AI Science Agents Face Benchmark Challenges: DiscoveryWorld Scores at 20%, ScienceWorld at 80%

AI science agents struggle with practical tasks, scoring 20% in DiscoveryWorld and 80% in ScienceWorld, highlighting gaps in their scientific capabilities.

Staff

Published

13 April, 2026

As artificial intelligence continues to evolve, the development of AI science agents is gaining traction. However, questions linger about their effectiveness in actual scientific tasks. Recent benchmarks created by the Allen Institute for Artificial Intelligence (Ai2), namely ScienceWorld and DiscoveryWorld, are designed to address these concerns by evaluating agents’ abilities to conduct scientific experiments and investigations.
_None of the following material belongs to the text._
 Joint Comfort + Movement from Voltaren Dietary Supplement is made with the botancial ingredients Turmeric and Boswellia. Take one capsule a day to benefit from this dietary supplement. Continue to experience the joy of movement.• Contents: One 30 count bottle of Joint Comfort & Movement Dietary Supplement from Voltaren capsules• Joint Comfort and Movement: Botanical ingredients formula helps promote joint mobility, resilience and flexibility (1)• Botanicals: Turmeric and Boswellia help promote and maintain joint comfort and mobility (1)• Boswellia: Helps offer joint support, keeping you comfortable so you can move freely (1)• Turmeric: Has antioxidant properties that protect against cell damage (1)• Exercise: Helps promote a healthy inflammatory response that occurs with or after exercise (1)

Launched in 2022 and 2024, respectively, these benchmarks aim to quantify the progress of AI models in performing scientific tasks.
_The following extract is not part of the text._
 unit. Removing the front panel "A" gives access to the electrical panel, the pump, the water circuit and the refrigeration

In 2022, leading AI models demonstrated impressive scores on multiple-choice grade-school science exams. Yet, when tasked with executing experiments in controlled virtual environments like ScienceWorld, their performance plummeted to below 10%. This stark contrast highlighted the gap between theoretical knowledge and practical application of scientific principles—a disparity that continues to challenge AI developers.
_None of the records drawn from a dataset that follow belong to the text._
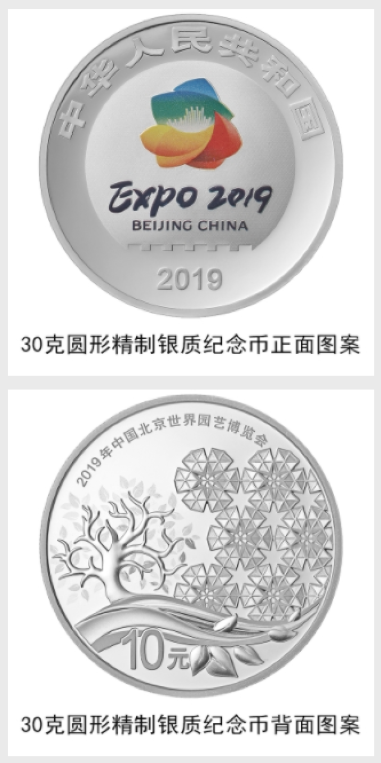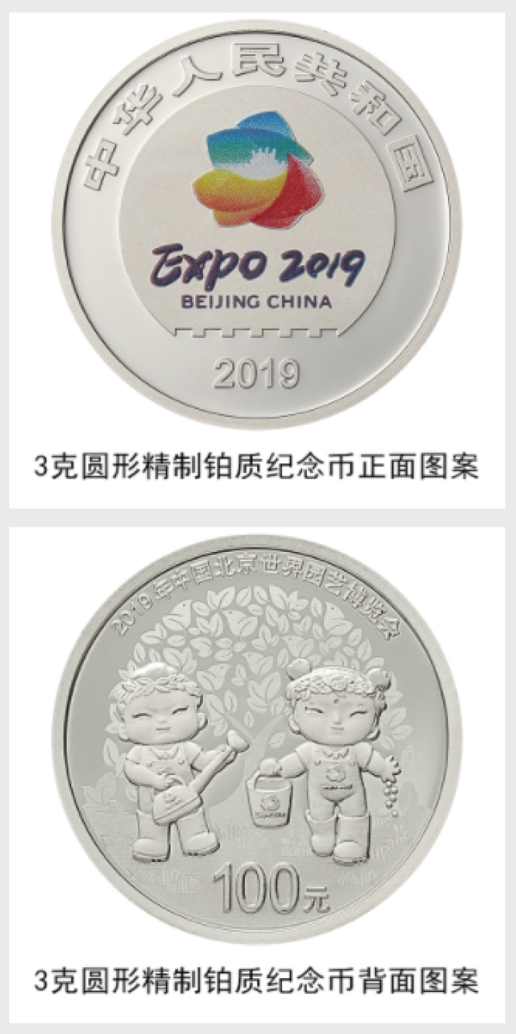 中国人民银行定于2019年4月29日发行2019年中国北京世界园艺博览会贵金属纪念币一套。该套贵金属纪念币共3枚,其中金质纪念币1枚,银质纪念币1枚,铂质纪念币1枚,均为中华人民共和国法定货币。
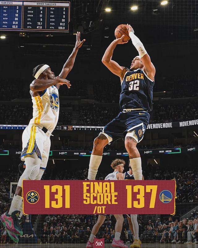 第四节还剩26.7秒,戈登45度大心脏三分,帮助掘金领先3分。21.4秒,库里飙进逆天绝平三分,成功拖入加时。戈登投篮21中17,三分11中10,罚球6中6,狂轰50分8篮板2助攻1盖帽!单场50分,创造掘金队史揭幕战最高纪录。
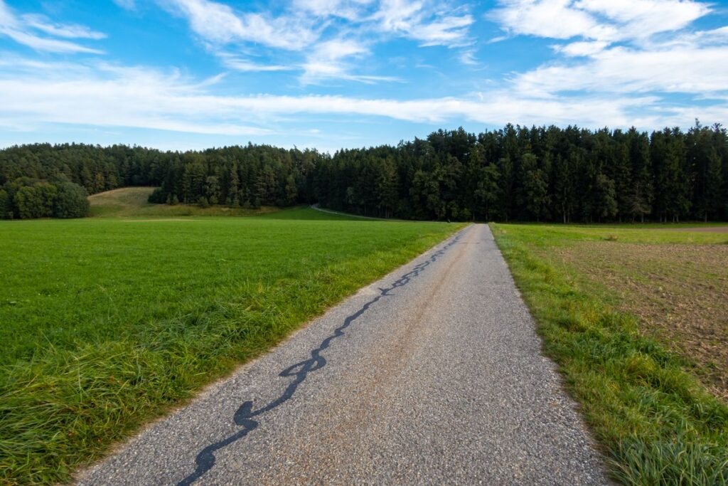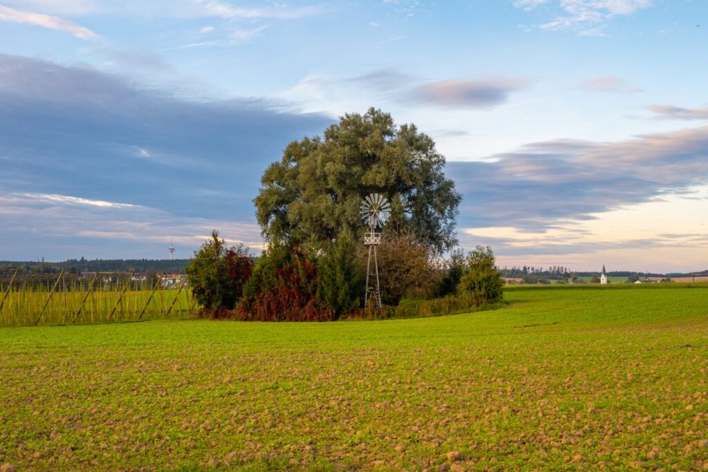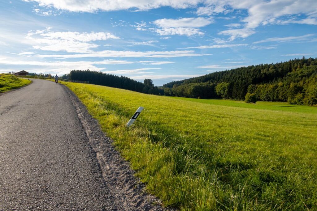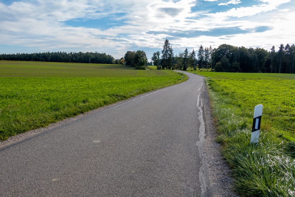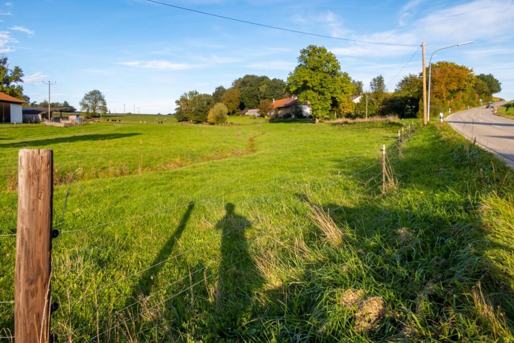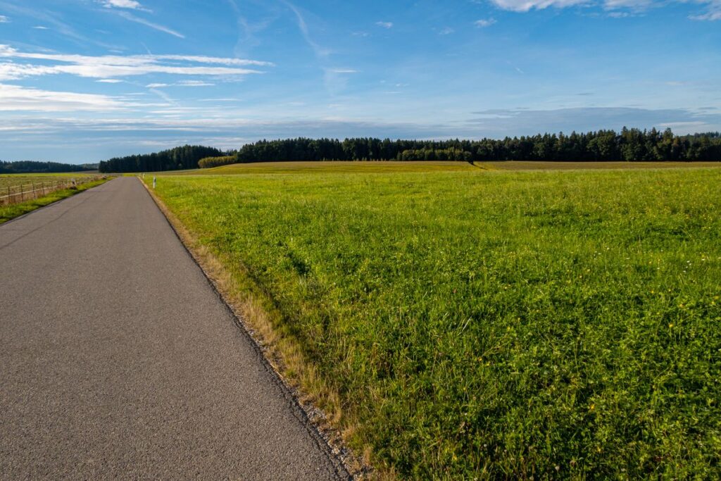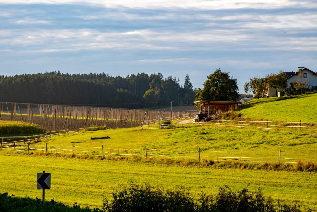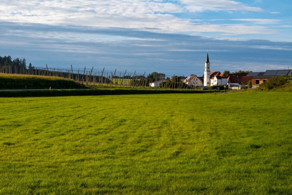 Wir starten am Further Dorfplatz und fahren kurz auf der Staatsstraße Richtung Mainburg um nach der Fußgängerampel links Richtung Edelmannsberg abzubiegen. Wir folgen dem am Dorfende beginnenden Radweg steil bergauf (ein Hoch auf das E-Bike 😉 ), durchqueren Edelmannsberg um abermals auf den Radweg, diesmal aber bergab, zu gelangen. Vorsicht: Der Radweg endet etwas plötzlich auf dem Hang, also langsam fahren. Kurzzeitig begeben wir uns auf die 2-spurige Straße Richtung Attenhausen. Es geht vorbei an Eckenhausen. Aber noch vor Schlagkreut biegen wir links ab Richtung Buchberg. Nun beginnt unsere „Pampa“-Tour der einsamen Dorfverbindungsstraßen so richtig.

Fast forward to early 2025, and the landscape has shifted. Top models now achieve scores in the low 80s on ScienceWorld, indicating significant progress but still falling short of mastering a typical 4th-grade science curriculum. On the more complex DiscoveryWorld, which requires agents to design and execute their own scientific investigations, performance metrics reveal that elite models complete only about 20% of tasks at the higher difficulty level. In comparison, average human scientists with advanced degrees tackle these challenges successfully around 70% of the time.

“So many folks are jumping on the science agent bandwagon and releasing agents,” says Ai2 researcher Peter Jansen, who spearheaded the development of these benchmarks. “But if the best systems a year ago couldn’t even solve most of the easy problems in DiscoveryWorld, how likely is it that they’re much better today?”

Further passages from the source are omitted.